# SAQA Certificates requirement



## AnishaLamba (Jun 6, 2017)

Dear All,

I am from INDIA having *SSC/ HSC/Business Mgmt Graduation & Post Graduation degrees. *and a Diploma in Information technology. I have 12+ years of experience working in Information technology industry as Product manager with companies like IBM/HP etc 

My questions are:
1. Do i have to send all these certifictes to SAQA or just my SSC/HSC and MBA+Diploma.
2. I lost my 2 subjects marks cards of Graduation, however i have all other originals along with verified certificates. 
3. I already have an offer from a South African company based in Joberg.
4. How likely is that i will get qualified by SAQA.

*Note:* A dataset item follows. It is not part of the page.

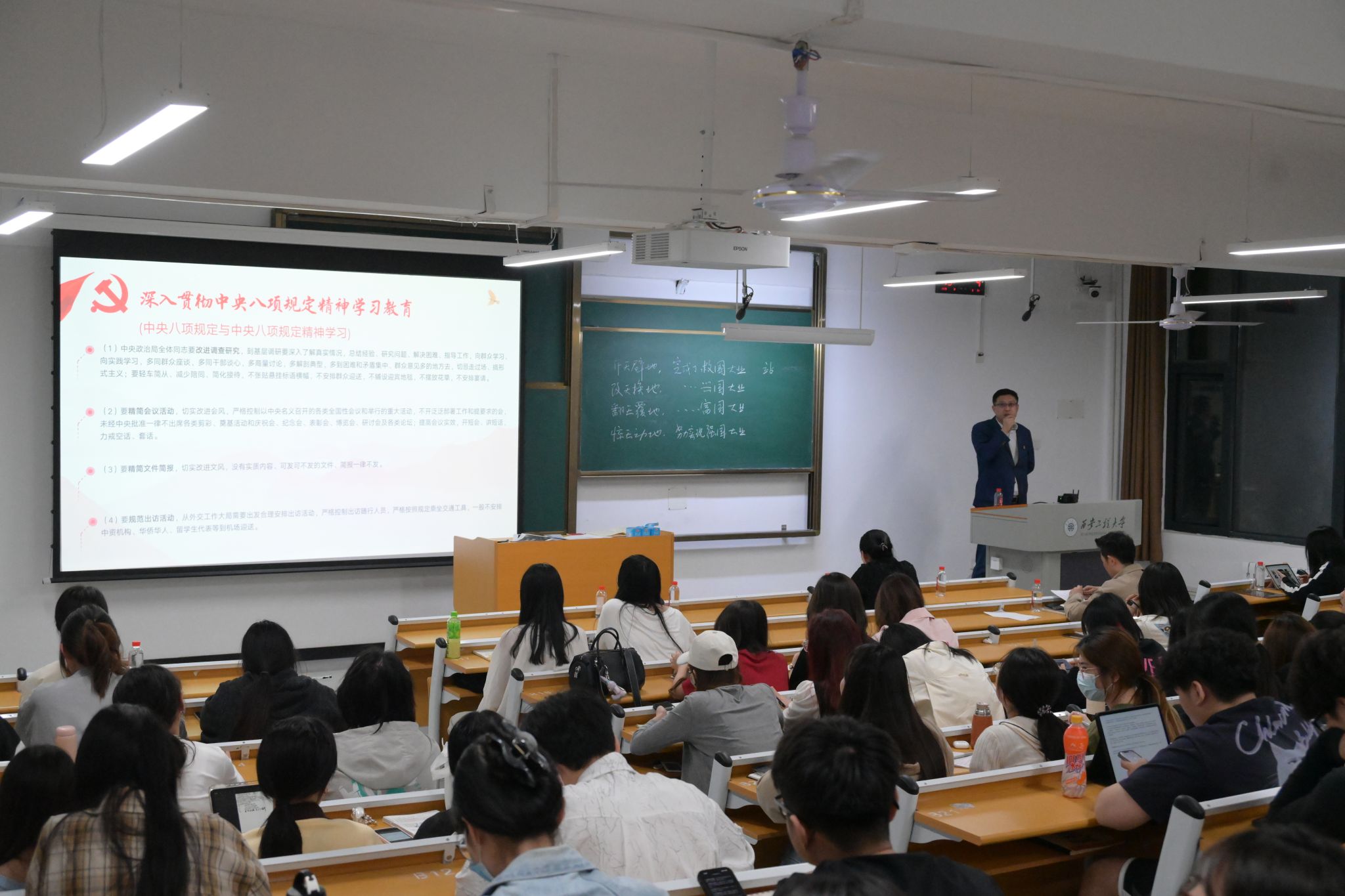 苏博作主题为“百年征程,波澜壮阔”的党课,他以中国共产党带领全国人民取得的举世瞩目成就为引,系统梳理了党在新民主主义革命时期、社会主义革命和建设时期、改革开放和社会主义现代化建设新时期、中国特色社会主义新时代四个历史时期的奋斗历程,深刻阐释了中国共产党在每一阶段展现出的优良品质。苏博以此次党课为契机,带领同学们集体深入学习领会了中央八项规定精神,强调作风建设永远在路上,要求全体学员对标优秀党员,严于律己,争做表率。

Am seeking to apply for Critical Skills Visa for South Africa

Appreciate your assistance..

God Bless!


----------



## Bookishly (Jan 17, 2017)

AnishaLamba said:


> My questions are:
> 1. Do i have to send all these certifictes to SAQA or just my SSC/HSC and MBA+Diploma.
> 2. I lost my 2 subjects marks cards of Graduation, however i have all other originals along with verified certificates.
> 3. I already have an offer from a South African company based in Joberg.
> 4. How likely is that i will get qualified by SAQA.


1. I only got my two highest degrees evaluated by SAQA i.e. bachelors and masters degrees. Based on that, I was able to get a membership with a professional body and ultimately, my CSV as well. 

2. If you have certified/notarized copies of your final marksheets as well as degrees, that should do. Originals don't need to be submitted, except for original transcripts. After you've submitted these, SAQA would also require your college/university to send the original transcript of your marks directly to SAQA. 
See the document submission list: http://41.193.15.87/dfqeas/info/submit.pdf

3. Employment situation doesn't matter for SAQA.

4. If your university is a recognized one, and you're able to submit the documents mentioned above, then there shouldn't be any issue in getting your SAQA certificate. Your SAQA certificate will award you a 'level' based on the SA qualifications framework - simply put, a masters degree puts you at level 9 out of 10 possible levels (level 10 being a doctorate).


----------